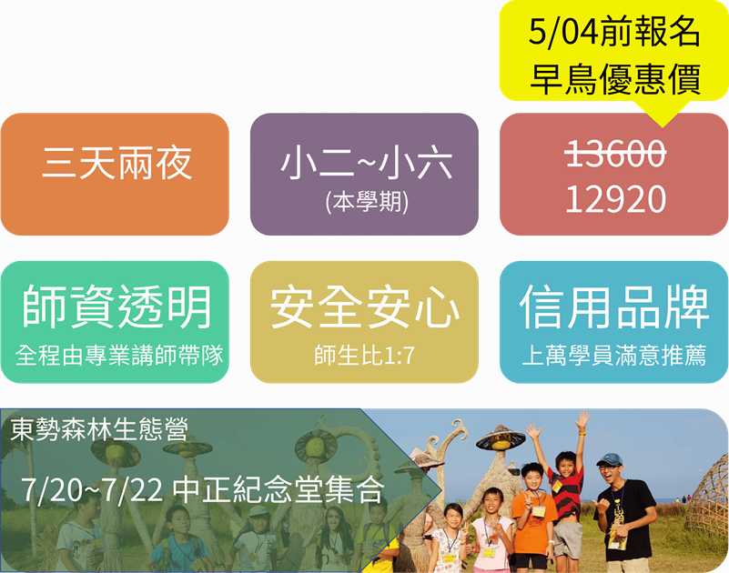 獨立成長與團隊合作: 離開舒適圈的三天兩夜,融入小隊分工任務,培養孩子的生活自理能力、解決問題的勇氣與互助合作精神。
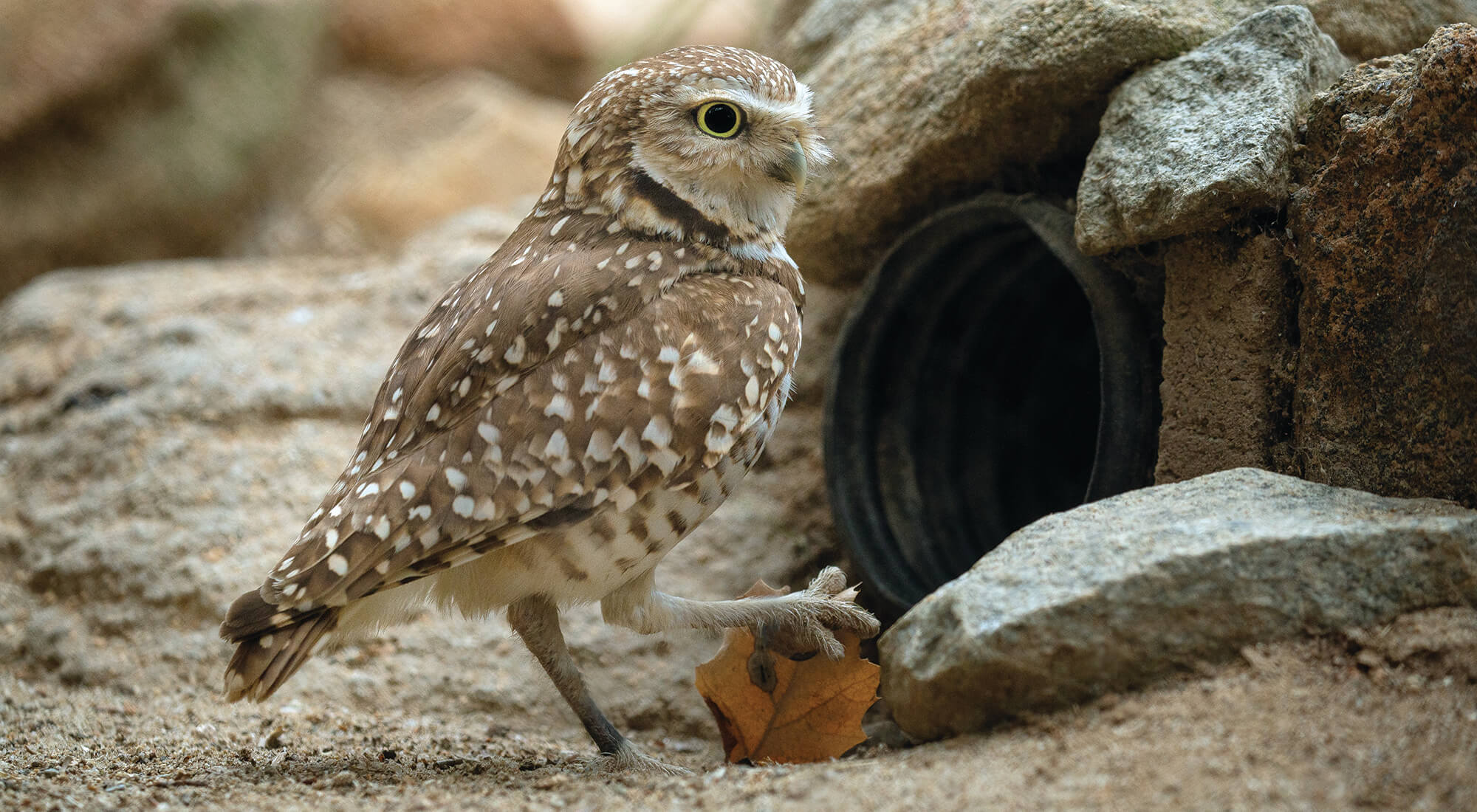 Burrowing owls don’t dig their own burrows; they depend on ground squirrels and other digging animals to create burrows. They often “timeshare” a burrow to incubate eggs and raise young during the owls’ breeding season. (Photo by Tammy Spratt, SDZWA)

====

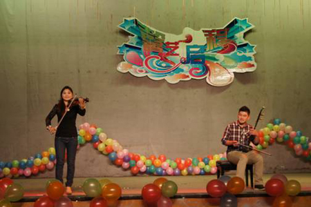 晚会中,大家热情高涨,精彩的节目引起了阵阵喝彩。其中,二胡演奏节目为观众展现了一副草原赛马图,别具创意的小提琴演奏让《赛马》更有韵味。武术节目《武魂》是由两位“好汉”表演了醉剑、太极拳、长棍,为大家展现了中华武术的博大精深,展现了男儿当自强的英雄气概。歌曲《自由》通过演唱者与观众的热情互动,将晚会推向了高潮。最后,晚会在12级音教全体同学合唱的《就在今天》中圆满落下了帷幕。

====

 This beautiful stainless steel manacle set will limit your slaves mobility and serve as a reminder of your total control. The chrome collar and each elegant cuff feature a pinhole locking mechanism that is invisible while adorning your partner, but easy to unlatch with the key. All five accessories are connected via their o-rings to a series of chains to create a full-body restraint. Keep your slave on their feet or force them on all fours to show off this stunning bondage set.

====

▶ _Assigned task_
Both the line containing "獨立成長與團隊合作: 離開舒" and the line containing "Burrowing owls don’t" above belong in the output, as do the lines between them. Print them exactly, without pictures.

▶ _Exercise response_
 獨立成長與團隊合作: 離開舒適圈的三天兩夜,融入小隊分工任務,培養孩子的生活自理能力、解決問題的勇氣與互助合作精神。
 Burrowing owls don’t dig their own burrows; they depend on ground squirrels and other digging animals to create burrows. They often “timeshare” a burrow to incubate eggs and raise young during the owls’ breeding season. (Photo by Tammy Spratt, SDZWA)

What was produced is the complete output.